Approximate COUNT(*) using sqlite_stat4

(1) By antimatter15 on 2021-01-31 00:00:43 [link] [source]

People are starting to use SQLite as an open data publication format with projects such as Datasette.

A lot of summary exploration of data involves running COUNT on various fields. However, SQLite always does a full table scan to resolve a COUNT— which can end up being very expensive and slow to run.

SQLite already has the ability to run ANALYZE and store statistics about the various tables and indices in sqlite_stat4 and sqlite_stat1. In the data publishing situation, it's reasonable to expect that ANALYZE has been run and all the gathered statistics are up-to-date.

My question is whether nor not there are any plans (or any strong objections to) to addding a PRAGMA approximate_count that would make COUNT return estimates from the sqlite_stat tables instead of running a full table scan.

Additionally, I'd appreciate pointers for how to get started if one were trying to implement this feature themselves.

(2.1) By curmudgeon on 2021-01-31 16:40:10 edited from 2.0 in reply to 1 [link] [source]

I'm sure there's some way of getting an approximate row count but I cannot remember what it is despite having spent the best part of an hour searching for a post I made on the very subject on the old nabble forum. I'm guessing it's something to do with the DBSTAT virtual table. Something to do with counting leafs and using a sample to approximate the average number of rows on a leaf.

Hopefully someone with a better memory will step in because I'd like to make use of it myself.

Edit: Not sure if this is related

https://sqlite.org/srcx/timeline?r=est_count_pragma&c=2016-12-16+15%3A57%3A40

(3) By anonymous on 2021-01-31 18:48:33 in reply to 2.1 [link] [source]

Do you mean this one from Keith Medcalf?

http://sqlite.1065341.n5.nabble.com/Row-length-in-SQLITE-tp110579p110627.html

(4) By antimatter15 on 2021-01-31 20:26:25 in reply to 2.1 [link] [source]

If you're just interested in the equivalent of SELECT COUNT(*) FROM table1 after ANALYZE was run, this should do the trick select cast(substr(stat, 0, instr(stat, ' ')) as integer) as "COUNT(*)" from sqlite_stat1 where tbl = 'table1' limit 1

Looking a bit more into how sqlite_stat4 and sqlite_stat1 work, I'm beginning to think that they can't be used to approximate the count of any more sophisticated queries.

I think it would still be helpful to have some PRAGMA that would automatically interpret such COUNT(*) expressions as the corresponding sqlite_stat1 lookup.

(5) By curmudgeon on 2021-02-01 10:05:43 in reply to 3 [link] [source]

No, it wasn't that one. Having went through all my posts on that forum I'm starting to think I'm havering. I remain convinced however that I either saw a post from drh or an explanation in the documentation about getting an approximate count.

I think it was something to do with counting the lower level nodes and estimating the number of nodes leading from each of them via a sample. To be honest I've little knowledge of b-trees so I don't even know if that makes sense.

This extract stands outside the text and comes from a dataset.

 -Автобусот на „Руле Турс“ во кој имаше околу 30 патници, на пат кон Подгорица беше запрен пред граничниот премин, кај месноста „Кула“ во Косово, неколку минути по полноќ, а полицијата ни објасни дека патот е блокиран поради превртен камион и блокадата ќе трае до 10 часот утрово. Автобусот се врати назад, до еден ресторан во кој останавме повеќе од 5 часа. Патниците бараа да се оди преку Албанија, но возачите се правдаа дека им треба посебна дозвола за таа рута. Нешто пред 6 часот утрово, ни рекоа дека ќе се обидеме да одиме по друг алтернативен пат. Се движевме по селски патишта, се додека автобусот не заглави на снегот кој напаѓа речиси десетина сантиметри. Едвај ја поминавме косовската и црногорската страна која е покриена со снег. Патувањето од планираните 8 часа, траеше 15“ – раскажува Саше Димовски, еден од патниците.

(6) By Richard Hipp (drh) on 2021-02-01 13:09:47 in reply to 2.1 [link] [source]

The "PRAGMA est_count" command was an experimental design to help speed up ANALYZE for large (tera-byte sized) databases. The idea was subsequently folded into trunk. See the "PRAGMA analyze_limit" command. The table size estimation logic is in the source tree, but it is not accessible to application code at this time.

(7) By curmudgeon on 2021-02-01 15:16:47 in reply to 6 [source]

Thanks Richard although I'm sure what I read was more suited to dummies like myself.

(8) By TripeHound on 2021-02-01 21:02:39 in reply to 5 [link] [source]

There's this thread which ends with a post from Richard stating that (at the time of writing, 2017) ANALYZE does an exact count, but he has some code on a branch that does an approximate count, which might make it to trunk (no idea whether it did).

There's also an older thread (2014) that talks about counting rows in large tables, and includes this post from Richard that discusses a potential (but file-format-breaking) technique to do count(*) in logarithmic time by being able to store/compute a "rank" for entries in the b-tree table.

(9.1) By curmudgeon on 2021-02-02 12:12:00 edited from 9.0 in reply to 8 [link] [source]

Thanks TripleHound, interesting reading, but it wasn't any of those threads. From what I can determine "est_count" appears in several test files in the trunk but doesn't feature in the amalgamation.

tom@sp4:~/sqlite$ grep -Rl 'est_count' .
./ext/fts5/test/fts5aa.test
./src/test_func.c
./test/fuzz_malloc.test
./test/memleak.test
./test/walcrash3.test
./test/tester.tcl
./test/soak.test
./test/backcompat.test

EDIT: Ignore the above list. I didn't include the grep -w option so it was showing up files containing "test_counter". It returned nothing with -w set.